Salvador Dalì biography
SALVADOR DALI' PAINTER

Salvador Dalì was a painter and Spanish sculptor. He was born in Figueres in 1904 to a wealthy bourgeois family.
In 1919 during a vacation in Cadaqués with the family of Ramon Pichot, a local artist, he approached modern painting. The following year, Dalí's father organized an exhibition of his charcoal drawings at the family residence.
In 1922 Salvador Dalí moved to Madrid where he enrolled at the Academia de San Fernando. During this period he stayed at the Residencia de Estudiantes where he was noticed for his eccentric and extravagant attitude and for his first paintings influenced by Cubism.
During his stay at the Residencia he formed strong friendships with Pepín Bello, Luis Buñuel and Federico García Lorca and approached Dadaism which influenced him throughout his life.

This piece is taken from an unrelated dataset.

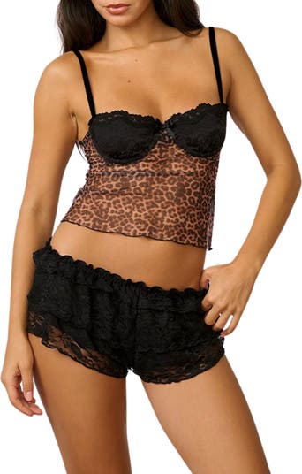 Flowery lace and leopard-print satin expertly unite sweet and sultry in this camisole finished with scalloped edging and a back cutout.

In 1926, shortly before taking his final exams, Salvador Dalí was expelled from the Academy for stating that no one at the institute was competent enough to examine someone like him. In the same year he made his first trip to Paris where he met Pablo Picasso, towards whom he had boundless admiration.
In 1929 the artist collaborated on the screenplay for the short film Un chien andalou by surrealist director Luis Buñuel. In the same year he met his future muse and wife Gala, then wife of surrealist poet Paul Eluard. Also in 1929 he joined Surrealism and became part of the Montparnasse surrealists group.

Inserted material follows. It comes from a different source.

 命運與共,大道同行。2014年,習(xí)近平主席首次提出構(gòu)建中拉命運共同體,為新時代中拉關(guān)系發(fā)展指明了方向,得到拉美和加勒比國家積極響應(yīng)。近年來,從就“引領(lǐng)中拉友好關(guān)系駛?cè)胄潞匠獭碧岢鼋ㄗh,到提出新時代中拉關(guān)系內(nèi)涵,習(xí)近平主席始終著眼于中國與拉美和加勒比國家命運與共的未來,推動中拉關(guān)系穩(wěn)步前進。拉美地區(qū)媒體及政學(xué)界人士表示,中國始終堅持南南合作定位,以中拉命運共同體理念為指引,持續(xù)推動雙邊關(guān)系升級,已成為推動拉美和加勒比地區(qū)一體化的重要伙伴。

In 1931 Salvador Dalì painted one of his most famous works, The Persistence of Memory, the surreal symbolic image of soft clocks about to melt; the melting clocks represent memory, which weakens and loses strength over the years.
In 1934 the painter entered the American art market introduced by art dealer Julian Levy. His New York exhibition, which included The Persistence of Memory, immediately caused a stir and interest.
In 1936 he participated in the International Surrealist Exhibition in London. He arrived at his presentation lecture, titled Fantômes paranoïaques authentiques, dressed in a diving suit and helmet, holding a billiard cue and with two Russian greyhounds on leashes.
At this time Salvador Dalí's main patron was the very wealthy Edward James, who financially supported him for two years and whom the artist portrayed in his painting Swans Reflecting Elephants. The two became good friends and from their collaboration came the artist's most iconic works, the Lobster Telephone and the Mae West Lips Sofa.
In 1939 André Breton, who began harshly criticizing, along with other surrealists of the time, the work of the famous artist, coined the derogatory nickname Avida Dollars for the Spanish painter, an anagram of Salvador Dalí that can be translated as greedy for dollars. This was a way to mock the increasing commercialization of Dalí's works and the perception that Dalí himself sought to enlarge his figure through fame and money. Some surrealists from then on spoke of Dalí only in the past tense, as if he were dead.
World War II broke out in Europe and the Dalí couple moved to the United States, where they lived for eight years.
At the end of the war, in 1951 Salvador Dalí returned to live in his beloved Catalonia. The choice to live in Spain, while it was still governed by Franco, attracted harsh criticism from progressives and several other artists.
In 1960 Salvador Dalí began working on the Dalí Theatre-Museum in his hometown of Figueres.
He died in 1989 at the age of 84 from a heart attack and was buried inside his Dalí Theatre-Museum in Figueres.